Mais arriva l’heure de la crise suprême, où Valgraive devait succomber ou se tremper immuablement pour le sacrifice. Ce fut un soir de la fin de septembre. Après des chutes harmonieuses, après une agonie infiniment belle, la lumière avait succombé dans le firmament. C’était à la Lune nouvelle. Un arc de cuivre rouge se tendait dans l’Occident. Tous les contours du paysage, toutes les trouées des feuillages disaient la même bucolique de repos et de tendre abondance.

Daniel, le vieillard, Clotilde et Hugues se tenaient sur le grand balcon des « Flouves, » mi-silencieux, dans un engourdissement contemplatif. De l’intérieur de la salle à manger des lueurs venaient, dissipaient un peu les ténèbres. Pour réfléchir plus à l’aise, Valgraive se mit à l’écart, derrière les trois autres, et il songeait combien peu de ces lunes nouvelles il verrait encore parmi les astres du Couchant.

Bientôt il tomba dans une préoccupation profonde, où il n’y avait que du Passé, tout Futur ayant l’odeur du Sépulcre. Quand il revint à lui, le vieillard avait disparu, Hugues et Clotilde se tenaient appuyés côte à côte, et regardaient dans la nuit. Ce spectacle le rendit triste, mais d’une tristesse désormais si habituelle qu’elle n’accélérait ni ne retardait le mouvement de son cœur.

Ils causaient peu, par intervalles, d’une voix assez basse, et de choses diverses suscitées par la soirée. Puis il y eut entre eux un assez long silence. Hugues détourna légèrement la tête de Clotilde. Elle, alors, le regarda. Un rais de lampe glissait sur ses yeux fins. Et, soudain, Daniel eut le cœur plein d’angoisse… Ah ! ce qu’il lisait sur le visage de Clotilde, cette expression des premiers temps de son mariage, cette tendresse de la lèvre… Ah ! le trouble charmant de cette charmante figure !…

La certitude descendit en Valgraive comme une pierre au fond d’un puits.

— C’est fini !

Et tout ce qu’il avait souffert à l’état d’hypothèse, il le souffrit à l’état de fait. Peut-être ses souffrances ne furent point plus vives qu’à tel moment d’appréhension, peut-être son cœur ne fut-il plus rapide et plus lourd, mais il eut le positif de la souffrance, l’amère agonie de toute espérance.
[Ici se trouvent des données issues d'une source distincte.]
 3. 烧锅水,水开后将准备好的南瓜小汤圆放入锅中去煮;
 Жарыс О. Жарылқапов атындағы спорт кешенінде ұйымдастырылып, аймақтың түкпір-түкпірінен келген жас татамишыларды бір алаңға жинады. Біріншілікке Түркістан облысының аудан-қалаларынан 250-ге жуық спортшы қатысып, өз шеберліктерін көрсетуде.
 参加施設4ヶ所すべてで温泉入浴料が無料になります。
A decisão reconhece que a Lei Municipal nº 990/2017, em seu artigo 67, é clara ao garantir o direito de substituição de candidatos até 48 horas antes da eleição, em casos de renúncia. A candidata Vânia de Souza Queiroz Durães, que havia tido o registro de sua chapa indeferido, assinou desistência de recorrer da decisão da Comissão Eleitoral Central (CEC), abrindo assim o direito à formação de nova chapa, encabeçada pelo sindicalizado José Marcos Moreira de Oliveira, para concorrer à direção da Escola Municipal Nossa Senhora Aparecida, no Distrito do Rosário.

Désormais, plus de doute. Les êtres qu’il aimait seraient l’un à l’autre par mutuelle volonté, les paroles de leur union auraient la suavité de l’accord amoureux…

Il se sentit tué par eux, il fut semblable à celui qui succombe par le poison, qui trépasse dans l’atmosphère de ses empoisonneurs, écoute leurs paroles faussement amies. L’univers parut clos, toute la création usée, vaine, épouvantablement vieillie. Il s’affaissa, il fut presque évanoui. Il se disait dans un demi-rêve :

— Tant mieux, c’est la mort déjà…, l’autre mort n’étonnera plus…, ma pensée ne sera pas plus glaciale, pas plus éteinte alors que ma chair s’affaissera, alors que le râle retentira dans ma poitrine…
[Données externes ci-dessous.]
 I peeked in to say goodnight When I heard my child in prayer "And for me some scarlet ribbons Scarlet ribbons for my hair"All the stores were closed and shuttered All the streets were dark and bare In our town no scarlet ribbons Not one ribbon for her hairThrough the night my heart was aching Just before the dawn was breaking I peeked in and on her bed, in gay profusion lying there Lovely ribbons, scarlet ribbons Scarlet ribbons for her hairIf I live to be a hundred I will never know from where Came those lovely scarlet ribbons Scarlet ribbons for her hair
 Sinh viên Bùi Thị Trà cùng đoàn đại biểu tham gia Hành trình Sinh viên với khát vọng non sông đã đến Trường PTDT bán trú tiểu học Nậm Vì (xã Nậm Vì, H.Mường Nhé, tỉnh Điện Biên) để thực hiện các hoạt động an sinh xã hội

Il resta dans cette torpeur un temps indéterminé ; puis la réaction monta, partout les nerfs se mirent à s’éveiller, à souffrir, à verser d’atroces sensations vers le cerveau.

— Il l’a donc déjà…, il a la possession morale…, le plus doux d’elle est à lui !

Il se leva, il marcha vers la salle à manger à pas furtifs. De là il les épiait, de là toutes ses forces se concentraient à exécrer leur intangible mais profonde Unité !

— Ah !… il l’a…, il l’a !…

Il se pencha, comme pour un effort violent, et il entendit crier au fond de lui :

— Il ne l’aura pas !

— Toi seul as tout voulu… et l’action est belle, haute, miséricordieuse…

— Il ne l’aura pas !

— Rien ne peut l’empêcher…, ce serait t’avilir irrémissiblement…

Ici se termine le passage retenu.